### Excerpted records
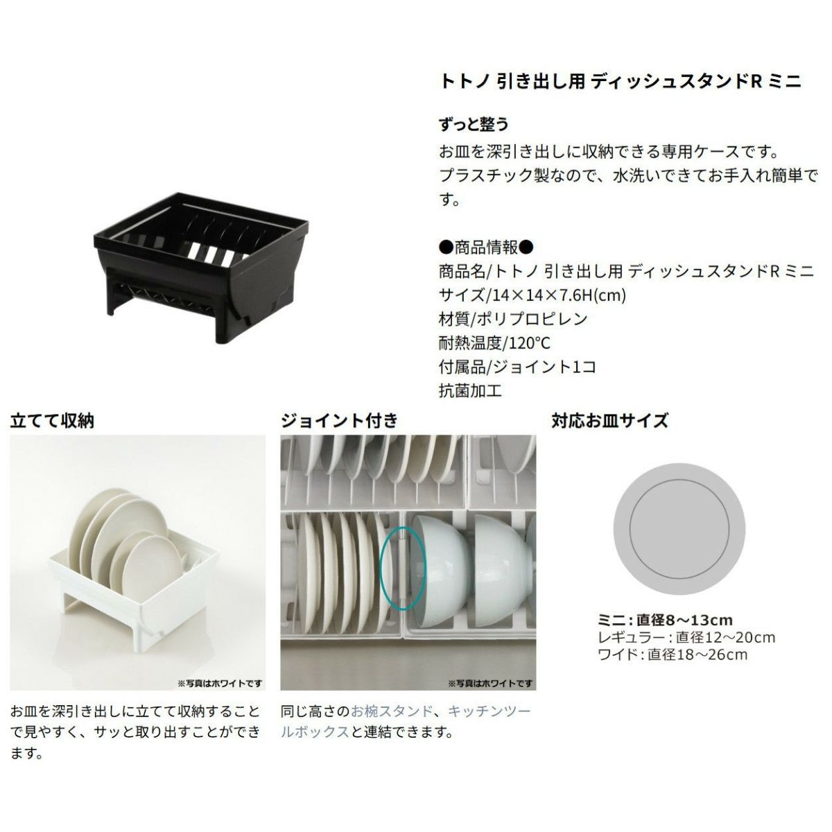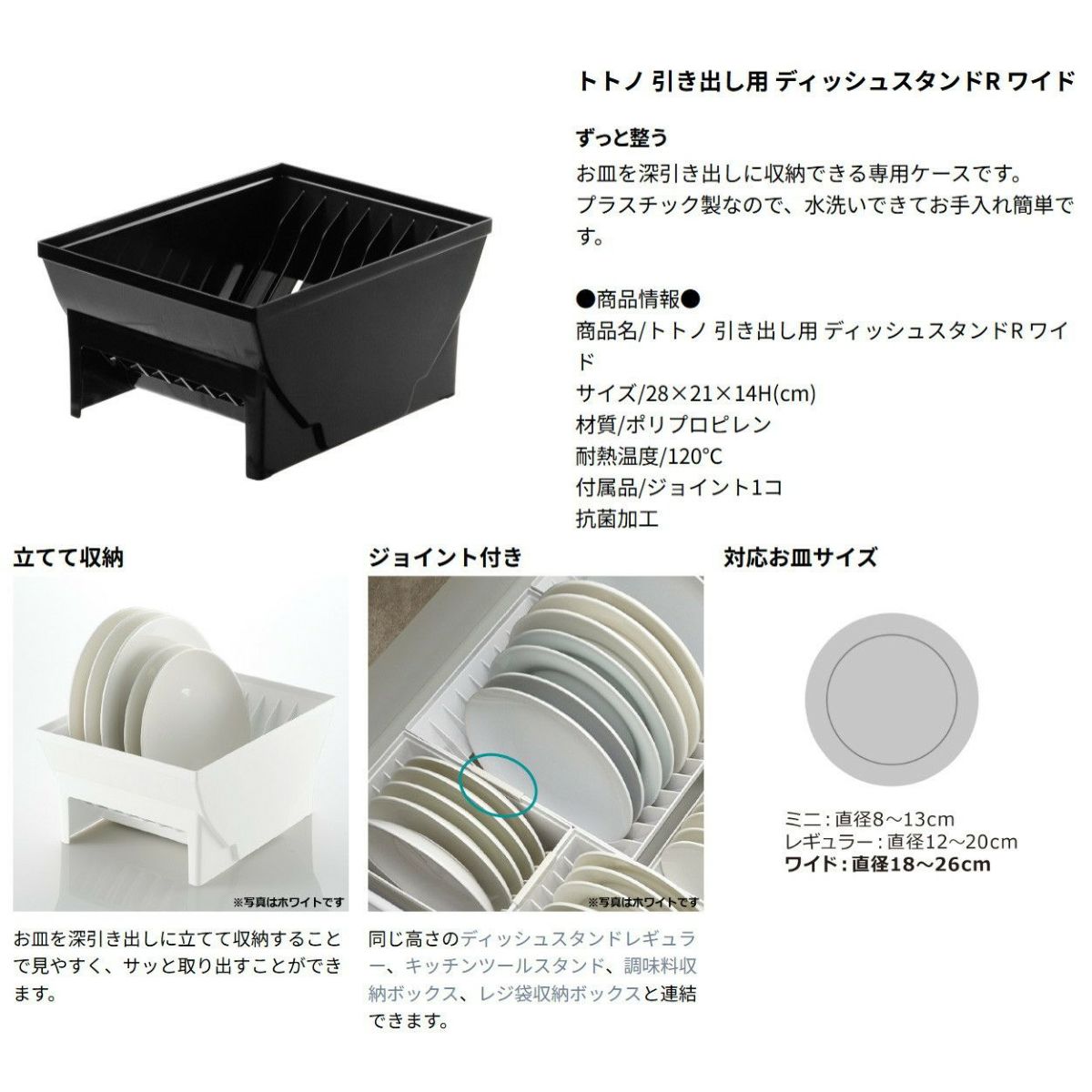 他の画像を見る ウェブショップ限定カラーのブラック。ディッシュスタンドR ミニ・レギュラー・ワイドのセットです。 【セットでお得】トトノ 引き出し用 ディッシュスタンドR 3種 5点ブラック セットリッチェル WEB限定カラー キッチン 引き出し シンク 下 収納 食器 皿 お椀 プラスチック 日本製 国産 定価 ¥ 5,170 のところ ¥ 4,913 税込 大人気のトトノの特別カラーやちゃ! カートに入れる お気に入りに登録する
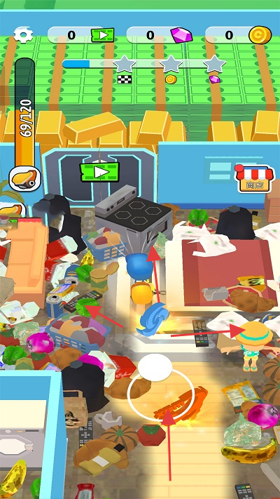 1、游戏设有关卡,玩家操控角色在杂乱场景中清理各类物品,完成关卡规定的清理任务。
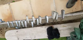 Lote de palos de golf variados. - Incluye diferentes números de palos. - Marcas variadas visibles en las cabezas de los palos. Escucho ofertas
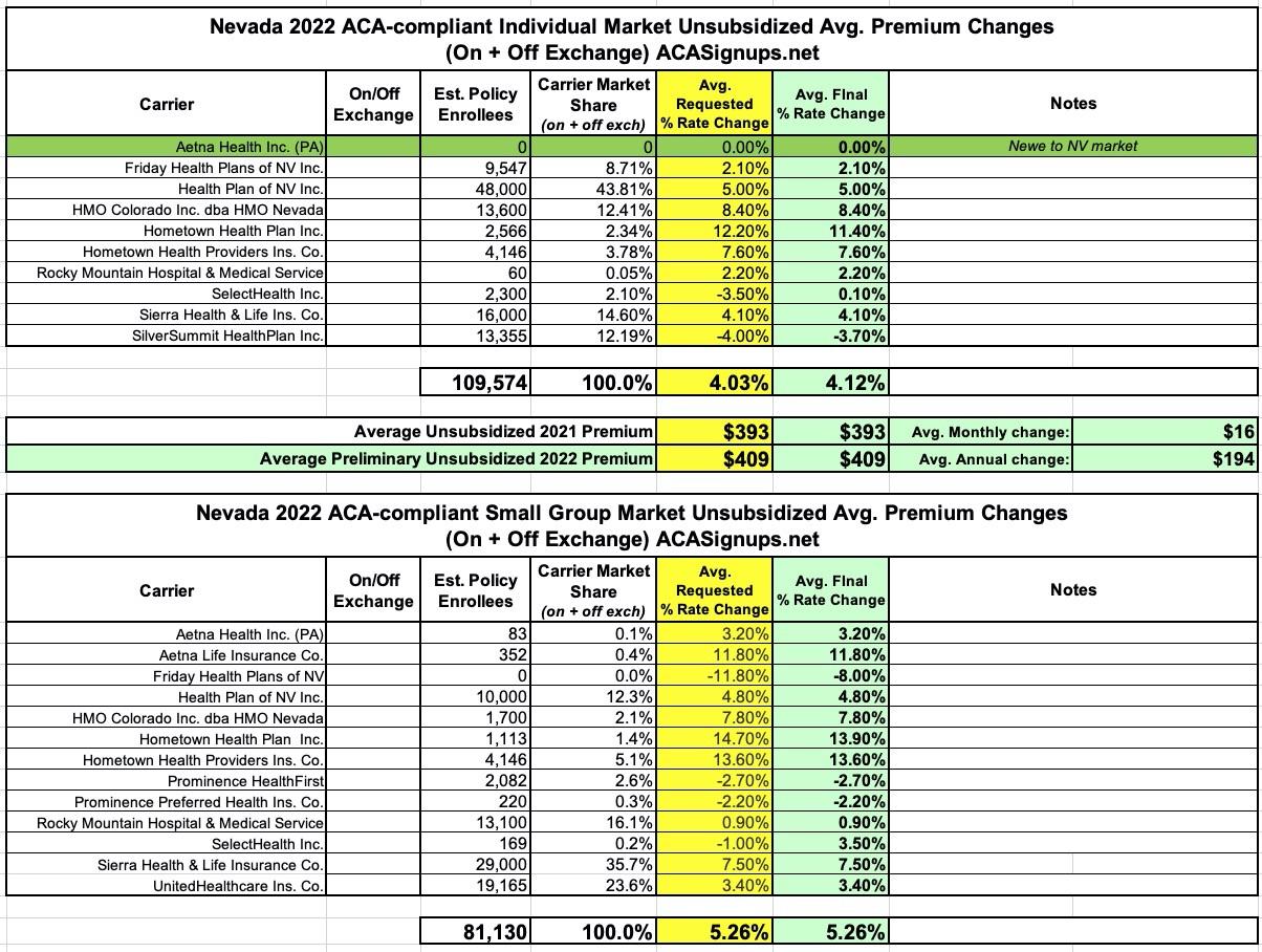 Also, while Aetna is definitely new ot the Nevada market, the note abouot Hometown Health Plan is a bit confusing: It looks like they were available off-exchange last year, but they're newly available on-exchange in 2022 as well (they had around 2,600 enrollees this past spring).
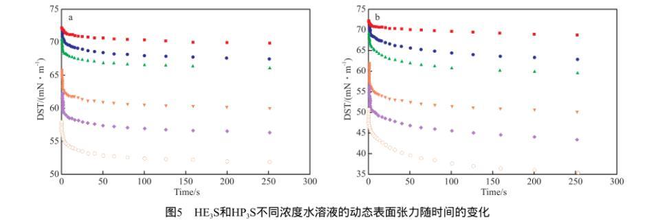 圖5為298 K時(shí)不同濃度的HE3S和HP3S水溶液的動態(tài)表面張力隨時(shí)間的變化。
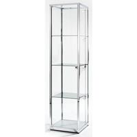 Zuilvitrine, hoogte 2000 mm, 1 draaideur, b x d = 400 x 400 mm, roestvast stalen uiterlijk. Levering = gemonteerd. Hoogte = 2000 mm. Breedte = 400 mm. Diepte = 400 mm. Glasmateriaal = veiligheidsglas. Framemateriaal = aluminium. Framekleur = roestvast stalen uiterlijk. Aantal legborden = 3 st. Legbordmateriaal = veiligheidsglas. Aantal glasdeuren = 1 st. Glasdikte = 4 mm. Deurdikte = 5 mm. Type deur = 1 draaideur. Sluiting = veiligheidscilinderslot met 2 sleutels. Draagvermogen per legbord = 15 kg. Verlichting = zonder verlichting. Legborddikte = 6 mm. Fijn afgewerkt aluminium frame dikte 25 x 25 mm voor een fraai design. Traploos verstelbare glazen ESG-legborden - ESG-veiligheidsglas conform DIN 1249 . Zeer goede, veilige stand door 4 in hoogte verstelbare voeten. Aan 5 zijden voorzien van 4 mm dik glas, draaideuren 5 mm dik. Verlichting als toebehoren: gelijktijdig meebestellen, montage achteraf is niet mogelijk. Levering gemonteerd. Op aanvraag leverbaar Speciale uitvoeringen en/of poedercoating in andere RAL-kleur, energiebesparende ledverlichting alsook extra legborden. Tegen meerprijs kunnen de vitrines voor mobiele doeleinden worden uitgerust met zwenkwielen. N/A
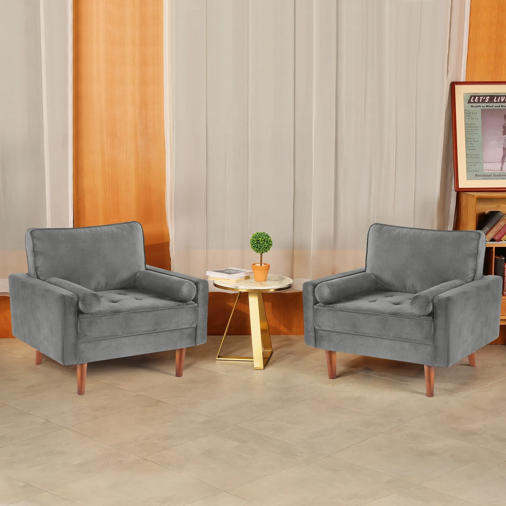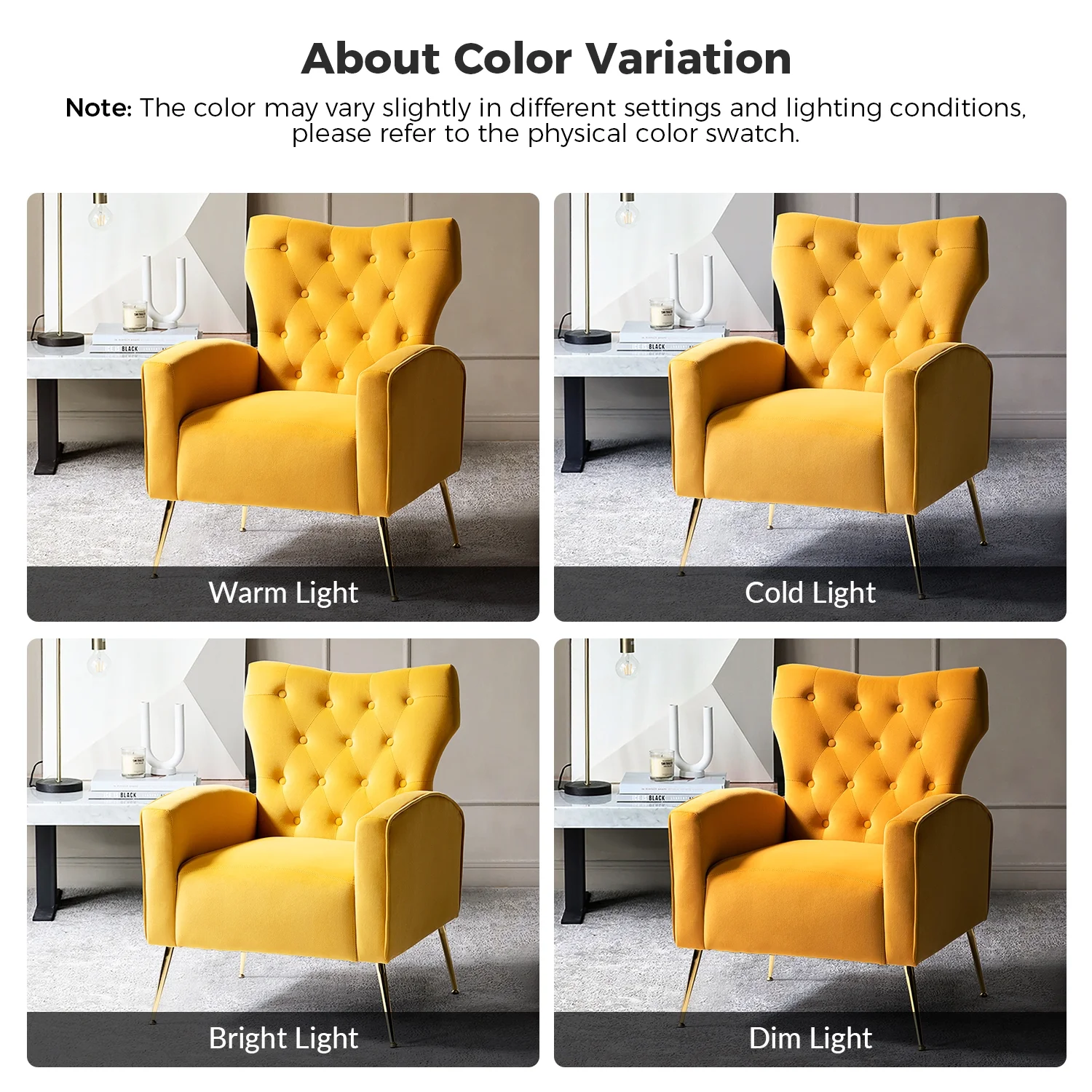 Fall Home Decor Velvet Accent Chair Button Tufted Armchair Metal Legs Adult Living Room Mustard

### Task instructions
Without any pictures, reproduce the lines from the first one in the material through the line that has "圖5為298 K時(shí)", exactly as they appear.

### Solution for this task
 他の画像を見る ウェブショップ限定カラーのブラック。ディッシュスタンドR ミニ・レギュラー・ワイドのセットです。 【セットでお得】トトノ 引き出し用 ディッシュスタンドR 3種 5点ブラック セットリッチェル WEB限定カラー キッチン 引き出し シンク 下 収納 食器 皿 お椀 プラスチック 日本製 国産 定価 ¥ 5,170 のところ ¥ 4,913 税込 大人気のトトノの特別カラーやちゃ! カートに入れる お気に入りに登録する
 1、游戏设有关卡,玩家操控角色在杂乱场景中清理各类物品,完成关卡规定的清理任务。
 Lote de palos de golf variados. - Incluye diferentes números de palos. - Marcas variadas visibles en las cabezas de los palos. Escucho ofertas
 Also, while Aetna is definitely new ot the Nevada market, the note abouot Hometown Health Plan is a bit confusing: It looks like they were available off-exchange last year, but they're newly available on-exchange in 2022 as well (they had around 2,600 enrollees this past spring).
 圖5為298 K時(shí)不同濃度的HE3S和HP3S水溶液的動態(tài)表面張力隨時(shí)間的變化。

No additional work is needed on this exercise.